> Dataset content:
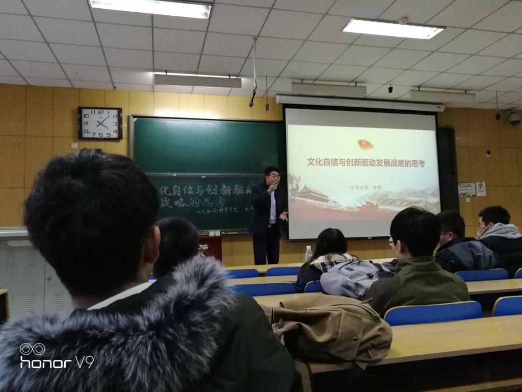 ,以“文化自信与创新驱动发展战略的思考”为题,用言简意赅、风趣诙谐的话语从中西方文化、思维差异入手,讲到近年来我国坚持和平发展战略,在几次世界经济的动荡和危机中稳定发展,及这样的发展离不开中国共产党的正确领导。他为大家讲解了我国近年来众多战略举措计划以及一些不为大家理解的决定,纠正了大家的一些错误认知,并教导我们要培养文化自觉、树立文化自信、注重文化传承、坚持文化发展、保障文化安全,引导大家把十九大精神内化于心,外化于行,坚定文化自信,为实现中华民族伟大复兴的中国梦而奋斗。
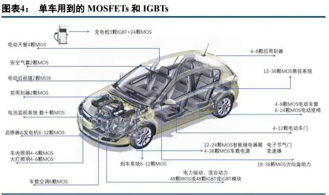 傳統(tǒng)燃油車中僅有少量的 IGBT 單管用于發(fā)動(dòng)機(jī)點(diǎn)火器,純電汽車的動(dòng)力系統(tǒng)轉(zhuǎn)為電池以后,IGBT 模塊成 為電驅(qū)系統(tǒng)中逆變器的標(biāo)配,此外新能源汽車在車載充電機(jī)(OBC)、DC-DC 升壓器、電空調(diào)驅(qū)動(dòng)也需要用到 IGBT 單管。根據(jù)產(chǎn)業(yè)鏈調(diào)研與我們測(cè)算,四驅(qū)版本的純電車型前后雙電機(jī)各需要 18 顆 IGBT,車載充電機(jī)需要 4 顆,電動(dòng)空調(diào) 8顆,合計(jì)一臺(tái)電動(dòng)車需要 48 顆 IGBT 芯片。
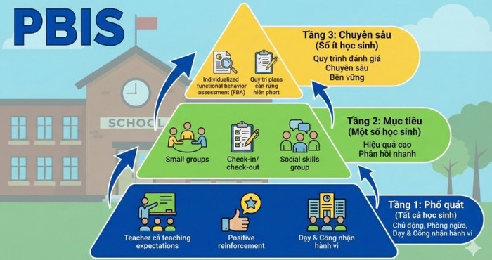 Tầng 2 – Dành cho nhóm có nguy cơ, phân công “người đỡ đầu” (check-in/check-out) theo dõi mục tiêu hành vi; thiết lập “góc tĩnh tâm” để tự điều hòa cảm xúc; triển khai “hợp đồng hành vi” giữa giáo viên – học sinh – phụ huynh, tập trung hỗ trợ thay vì trách phạt.

> Task item: Exact repetition of the data is needed, with no images retained.

> Solved exercise:
 ,以“文化自信与创新驱动发展战略的思考”为题,用言简意赅、风趣诙谐的话语从中西方文化、思维差异入手,讲到近年来我国坚持和平发展战略,在几次世界经济的动荡和危机中稳定发展,及这样的发展离不开中国共产党的正确领导。他为大家讲解了我国近年来众多战略举措计划以及一些不为大家理解的决定,纠正了大家的一些错误认知,并教导我们要培养文化自觉、树立文化自信、注重文化传承、坚持文化发展、保障文化安全,引导大家把十九大精神内化于心,外化于行,坚定文化自信,为实现中华民族伟大复兴的中国梦而奋斗。
 傳統(tǒng)燃油車中僅有少量的 IGBT 單管用于發(fā)動(dòng)機(jī)點(diǎn)火器,純電汽車的動(dòng)力系統(tǒng)轉(zhuǎn)為電池以后,IGBT 模塊成 為電驅(qū)系統(tǒng)中逆變器的標(biāo)配,此外新能源汽車在車載充電機(jī)(OBC)、DC-DC 升壓器、電空調(diào)驅(qū)動(dòng)也需要用到 IGBT 單管。根據(jù)產(chǎn)業(yè)鏈調(diào)研與我們測(cè)算,四驅(qū)版本的純電車型前后雙電機(jī)各需要 18 顆 IGBT,車載充電機(jī)需要 4 顆,電動(dòng)空調(diào) 8顆,合計(jì)一臺(tái)電動(dòng)車需要 48 顆 IGBT 芯片。
 Tầng 2 – Dành cho nhóm có nguy cơ, phân công “người đỡ đầu” (check-in/check-out) theo dõi mục tiêu hành vi; thiết lập “góc tĩnh tâm” để tự điều hòa cảm xúc; triển khai “hợp đồng hành vi” giữa giáo viên – học sinh – phụ huynh, tập trung hỗ trợ thay vì trách phạt.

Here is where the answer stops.